Nous devons comprendre ce qui se passe aux États-Unis

Par ARM

       «Les démocraties ne sont pas glorieuses», avait dit dans un soupir un grand diplomate français de la fin du XIXème siècle et du début du XXème siècle. Nous avons suivi les tribulations de l’élection présidentielle aux États-Unis. Le modèle constitutionnel et électoral de ce pays n’est pas facile à comprendre. Daniel Lazare a écrit en février 2000 un article très critique sur le sujet. Plus de 20 ans plus tard, nous vous invitons à le relire.
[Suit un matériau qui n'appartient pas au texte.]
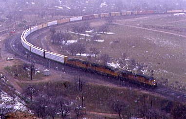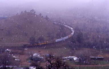 The power for our train at Tunnel 3. We drove up California Highway 58, spotting our eastbound Union Pacific again just before we pulled off at Keene. As we drove up the road towards the loop, we encountered a snowstorm so Chris parked near the Loop Monument and I led the way on a path on the hill that overlooks the loop as the snow continued to fall.
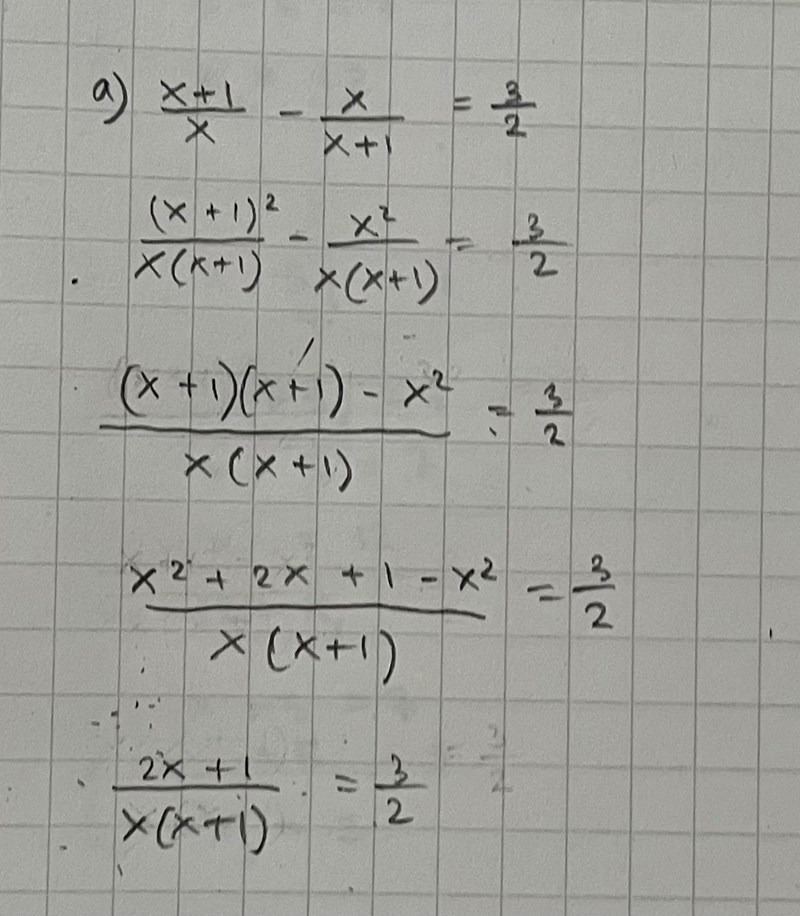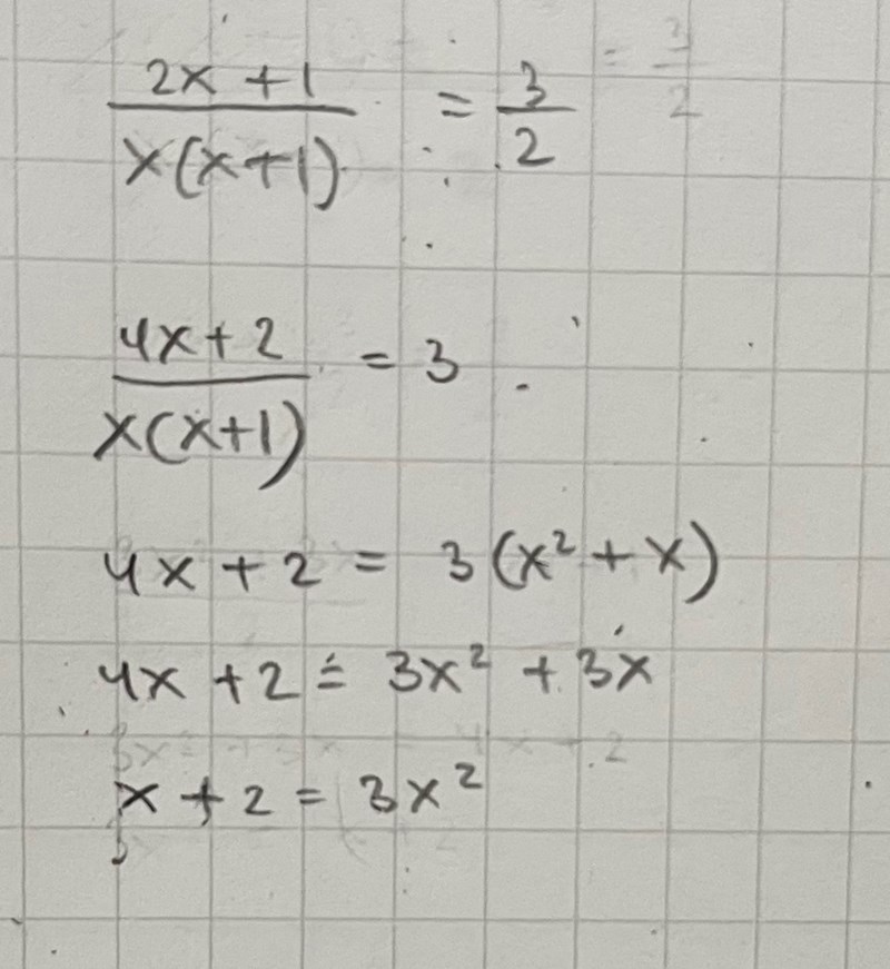 Steg 2: Multiplicera såväl högerled som vänsterled med x(x+1) för att bli av med nämnaren i vänsterledet.
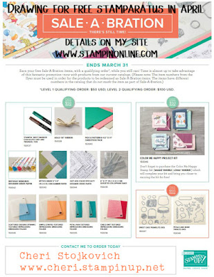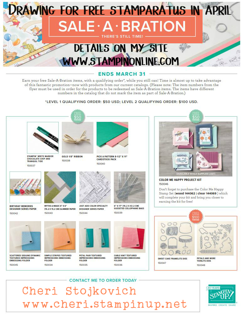This card also features the Simple Stripes embossing Folder – which GUESS what…is also a SAB choice til the end of March! Here are the items that started today in addition the Sale-a-bration items that were already ongoing. You can click here to go to my website to see the items up close. I will give you a little **hint** if you are on my email list – you will be getting a $17 free gift from me on the 16th of March, good for just 24 hours!
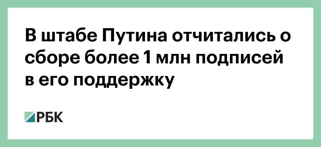 В штабе Путина отчитались о сборе более 1 млн подписей в его поддержку
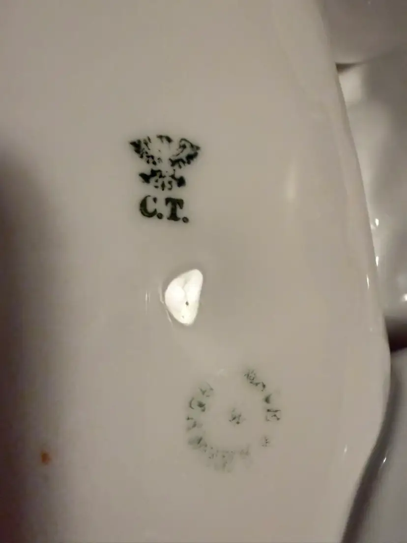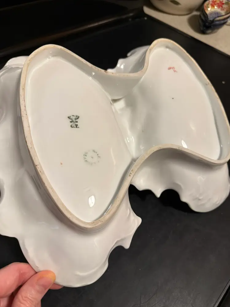 This is an antique German porcelain "lobster dish," popular during the late Victorian era and early 20th century. It was manufactured by Carl Tielsch (C.T.) in Altwasser, Silesia (now Wałbrzych, Poland).
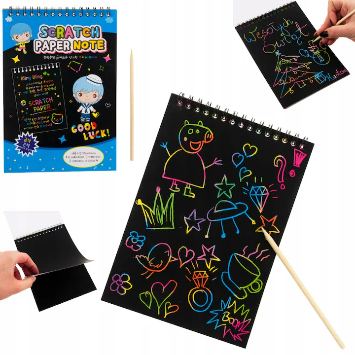 Set 10 planse razuibile, Scratch Paper Note, creion de lemn inclus, albastru
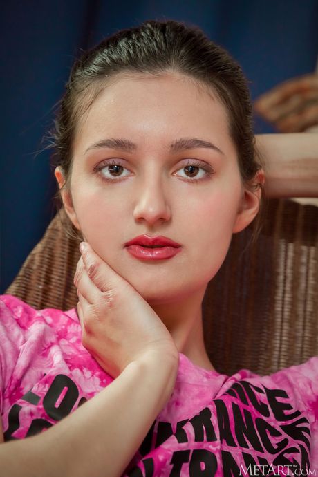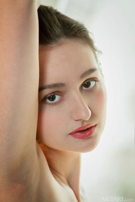 Sweet teen Adeline removes her clothes and socks to model in the nude
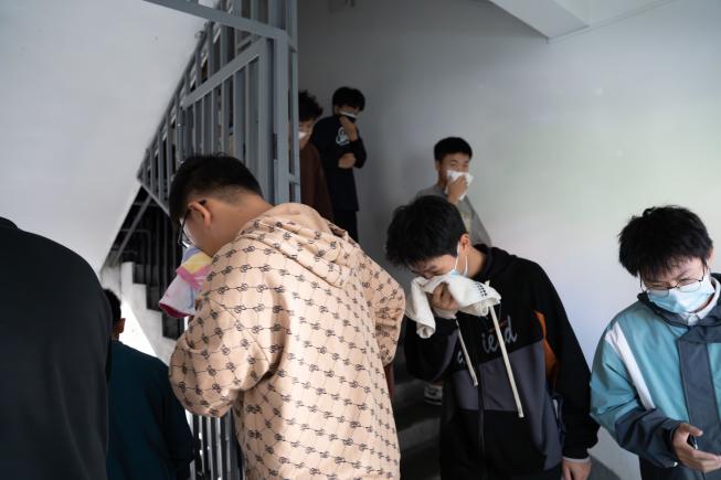 中午12:30,伴随着警报声长鸣,应急疏散演练正式开始,各楼栋、各楼层在班级班长和宿舍长的统一引导下,全体同学立刻作出响应,用湿毛巾捂住口鼻,猫着腰,迅速从安全通道进行疏散,到达指定地点后,由纪保部疏散演练小组清点人数,并向陈泽承老师汇报各班级集合情况。
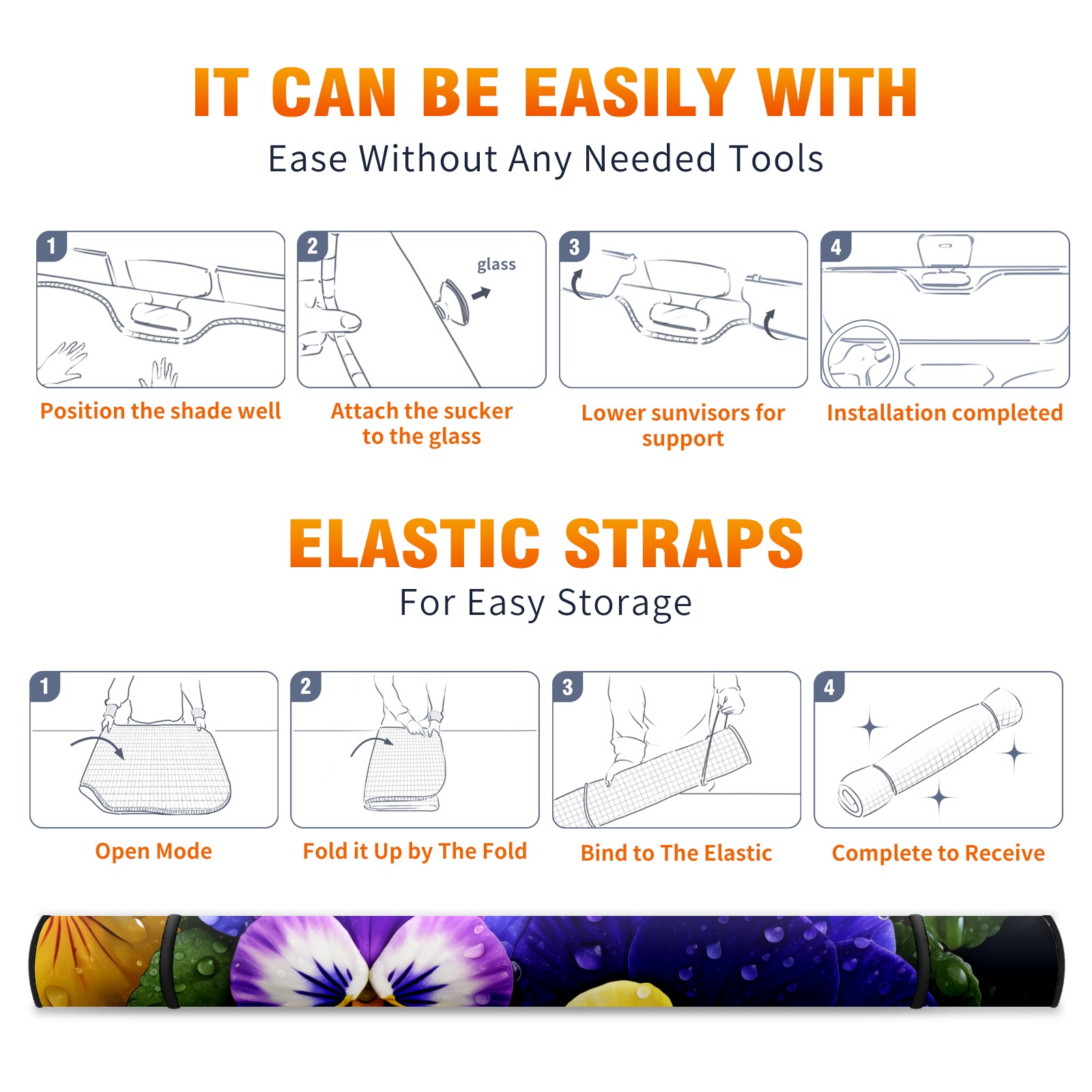 • </b>ZXIVGOQFR Foldable Premium Car Windshield Sunshade is your great solution to reduce your car’s interior temperature dramatically! This is definitely a must-have item for your summer travel! </b> <br> </b>Size: 63"L x 33.5"W </b> <br> </b>Blocking Uv Rays & Heat Insulation</b><br> Our vehicle sunshade provides effective UV, sun, and summer heat protection .Maintains dashboards by preventing fading and cracking <br> </b>Easy-To-Store Folding Design Makes Storage Convenient </b><br> ZXIVGOQFR car sunshades come with removable suction cups and elastic bands that you can install easily and quickly, and the removable suction cups will not leave any marks on your windows when removed. Within seconds, windshield visor can be installed and removed. When not in use,the front windshield can be easily and effectively placed on the door pocket or the dashboard, which is beautiful and does not take up space in the car.<br> <br> </b>PUT UP A 'PROTECTIVE UMBRELLA' FOR YOUR BELOVED CAR!</b>
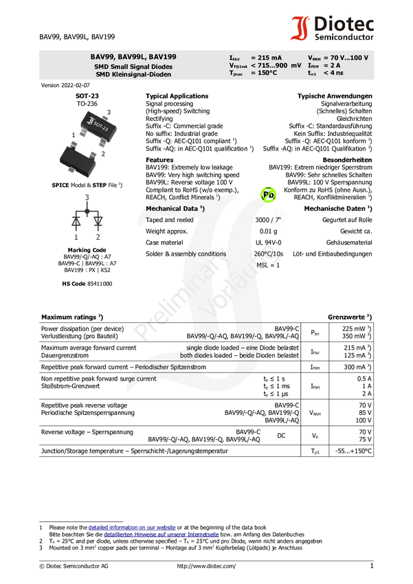 Dioda małego sygnału Diotec BAV199-AQ N/A N/A
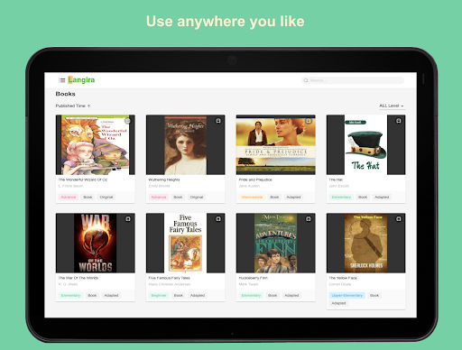 Langira ti aiuta a praticare l'inglese a leggere, ascoltare, parlare e migliorare il vocabolario con migliaia di audiolibri più venduti e altri articoli audio inglesi.
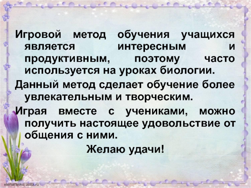 Игровой метод обучения учащихся является интересным и продуктивным, поэтому часто используется на уроках биологии.Данный метод сделает обучение
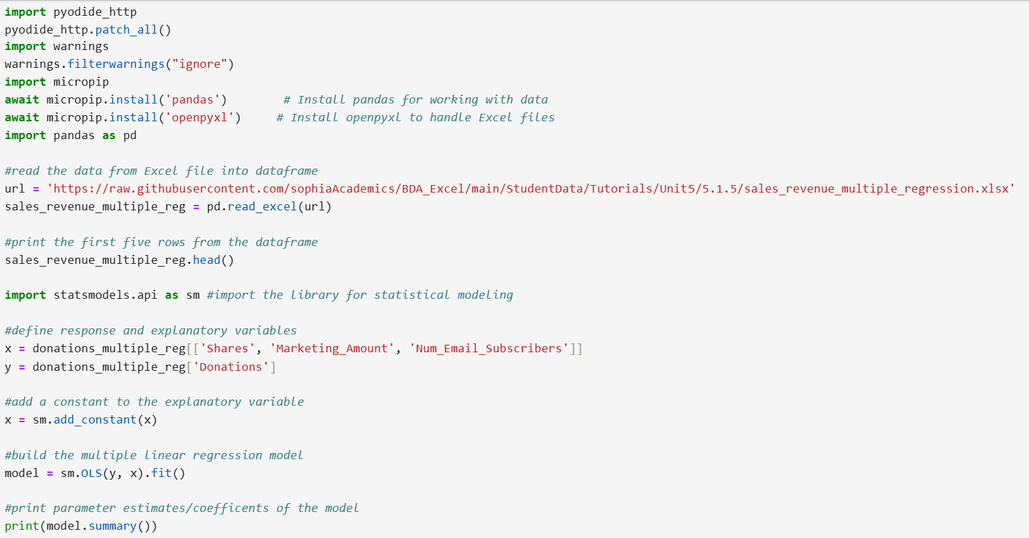 In this lesson, you have learned to differentiate between estimated and true regression models, and how to perform statistical inference to assess the significance of explanatory variables. Returning to the donation prediction example, you interpreted the hypothesis testing results for the multiple regression model to see how each explanatory variable impacts the amount of donations received. Further, by examining and interpreting the standard errors from the multiple linear regression model, you were able to assess the precision of the estimated coefficients, which enhances your ability to interpret the results of the hypothesis tests. The standard errors provide you with deeper insight into the variability and reliability of the estimated regression coefficients, allowing you to better understand the significance and impact of each explanatory variable in your model. With these skills, you are now equipped to critically analyze and interpret linear regression models effectively.
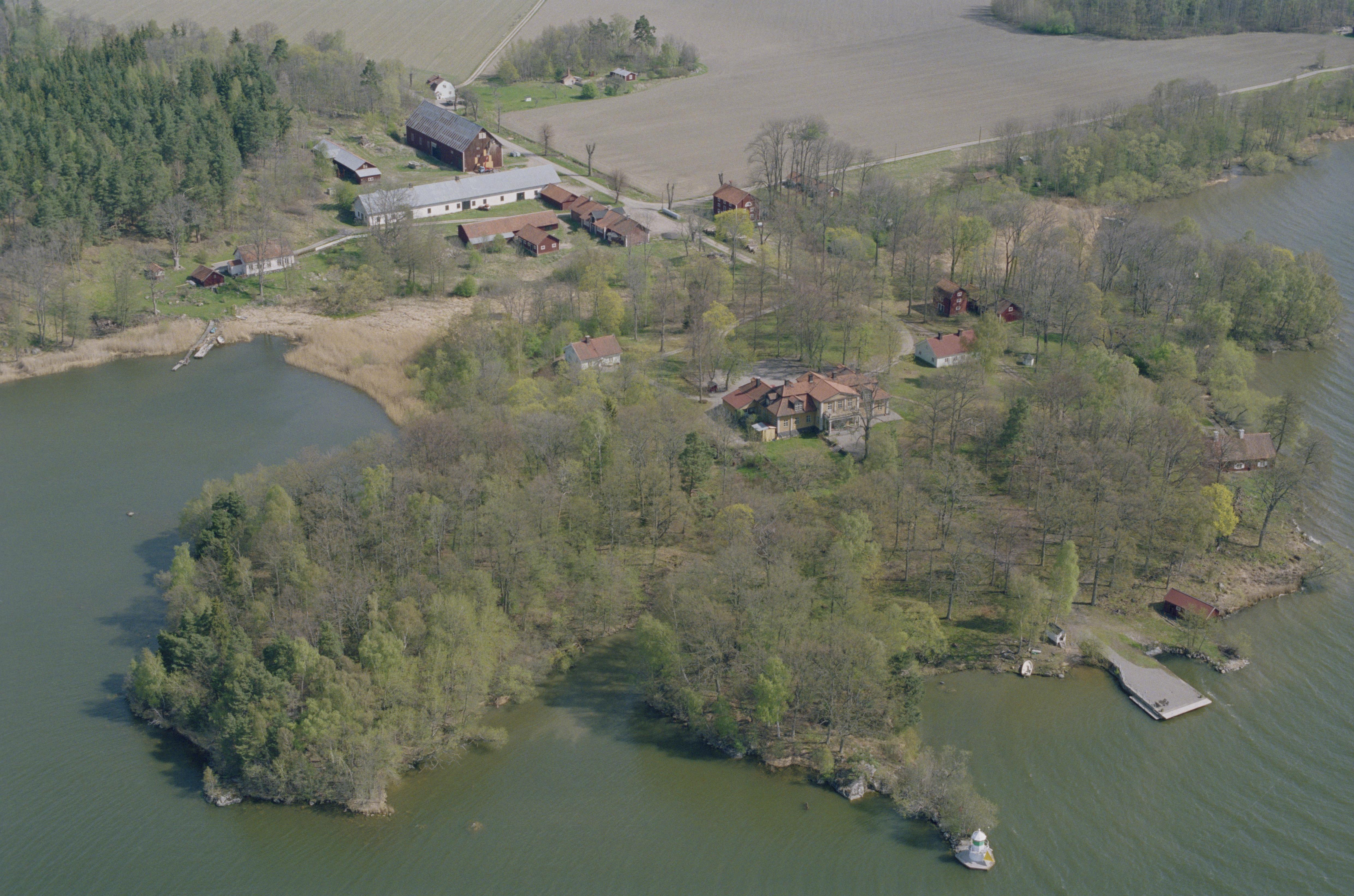 Beskrivning: Nybyholms gård / herrgård RAÄnr Enköpings-Näs 41:1 vid Hjulstafjärden i Mälaren. Bilden är tagen mot (väderstreck): NO
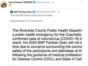 En un comunicado de la organización publicado en la cuenta de Twitter del torneo se anunció que “el departamento de salud pública del Condado de Riverside ha declarado la emergencia sanitaria para el valle de Coachella luego de un caso confirmado de COVID-10. Como resultado, el BNP Paribas Open no se llevará a cabo debido a la preocupación respecto al coronavirus y la seguridad de los participantes y asistentes al evento. Esto bajo la guía de profesionales de la salud, el Centro de Control de Emergencias y el estado de California”.
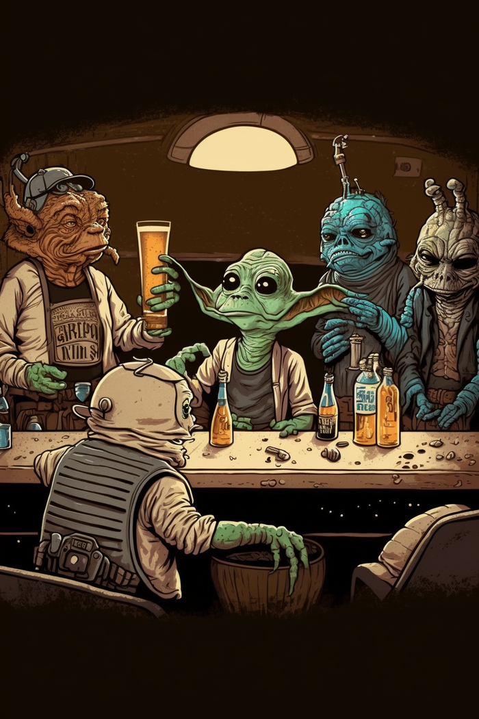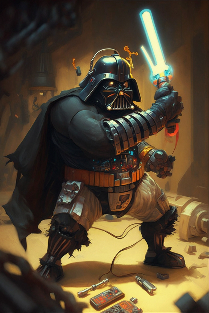 Midjourney интересно справилась с данной задачей, раскладывая вещи из известных вселенных.
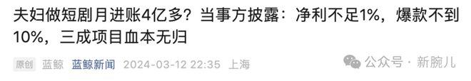 这俩不会认为说的北京夫妇月进账 4 亿是这家公司和咪蒙故意放出来吸引外面投资短剧的吧?
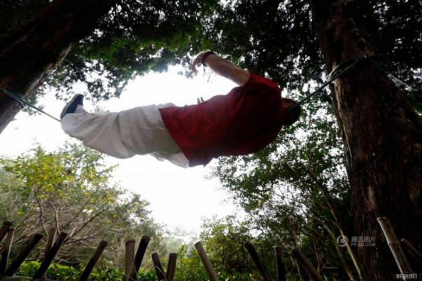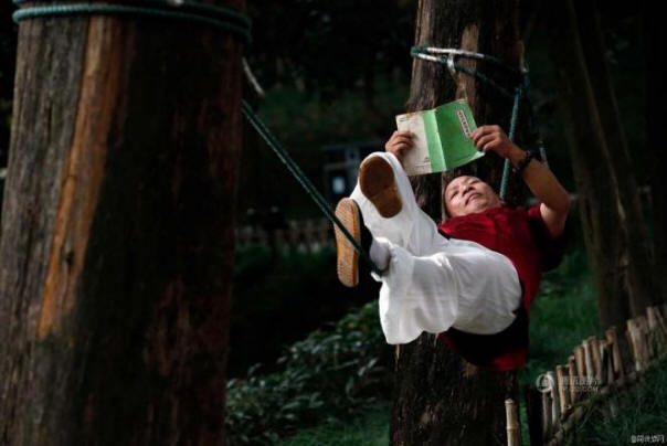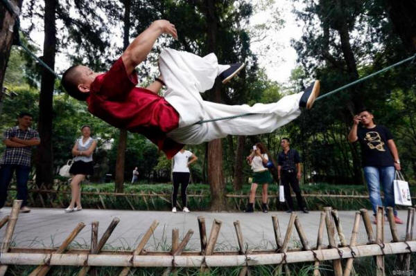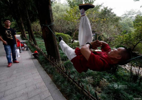 A kínai Zhejiang tartományban, a Hangzhou város parkjában láthatjuk Liang Yang egy 51 éves férfi, aki ugyanazon a kötélen fekszik (Liang Yanguo) „Kung Fu Man” becenevet kaptak. Nyaraló ilyen egy kínai ember annyira magabiztosnak érzi magát, hogy szabad felemeli a karokat, a lábait, sőt még üdvözli a járókelőket, írja az Oddity Central.

Une démocratie en voie de fossilisation

Cette pesante Constitution américaine

Par Daniel Lazare

       «En quelques semaines, les élections primaires américaines auront éliminé la plupart des concurrents à la présidence. Mais c’est plus l’argent et la notoriété des candidats que leurs prises de position qui feront la différence. Alors que l’économie entre dans la plus longue période de croissance de son histoire – au prix d’un déficit commercial tout aussi historique –, les problèmes de fond (corruption politique, nombre record d’incarcérations et d’exécutions, creusement des inégalités) semblent interdits de débat. Immuable et sacralisée, la Constitution contribue à cette apathie.

Au cours de la campagne présidentielle américaine, les candidats vont aborder les sujets les plus divers, d’une éventuelle baisse des impôts à la nécessité d’abolir la discrimination frappant les homosexuels membres des forces armées. Il y a un sujet dont ils ne débattront pas: la Constitution américaine. C’est à la fois étrange et compréhensible. Étrange: ce document qui a deux cent douze ans est la plus vieille loi fondamentale écrite de la planète et la plus résistante au changement. Il semblerait donc urgent de remédier aux nombreux anachronismes qui l’encombrent. Et à quoi sert donc une élection si elle s’interdit de discuter les questions clés relatives à la modernisation politique?

L’étrangeté s’estompe un peu quand on comprend que l’ancienneté de la Constitution, son aversion pour le changement, et la domination qu’elle exerce sur la société américaine la rendent presque invisible dans le débat politique. Elle est simultanément le cadre légal à l’intérieur duquel la citoyenneté s’inscrit et un cadre en place depuis tellement longtemps que les Américains ont cessé de remarquer son existence. Si, dans les autres pays, une Constitution est le produit d’un combat accouchant d’un nouveau rapport à la vie politique, aux États-Unis le peuple est une entité que la Constitution a créée et façonnée à son image pour mieux perpétuer une République jeffersonnienne héritée du XVIIIème siècle. Il serait donc à peine plus naturel pour un Américain de mettre en cause la Constitution qu’il l’était pour un vassal du Moyen Âge de réprimander son suzerain. […].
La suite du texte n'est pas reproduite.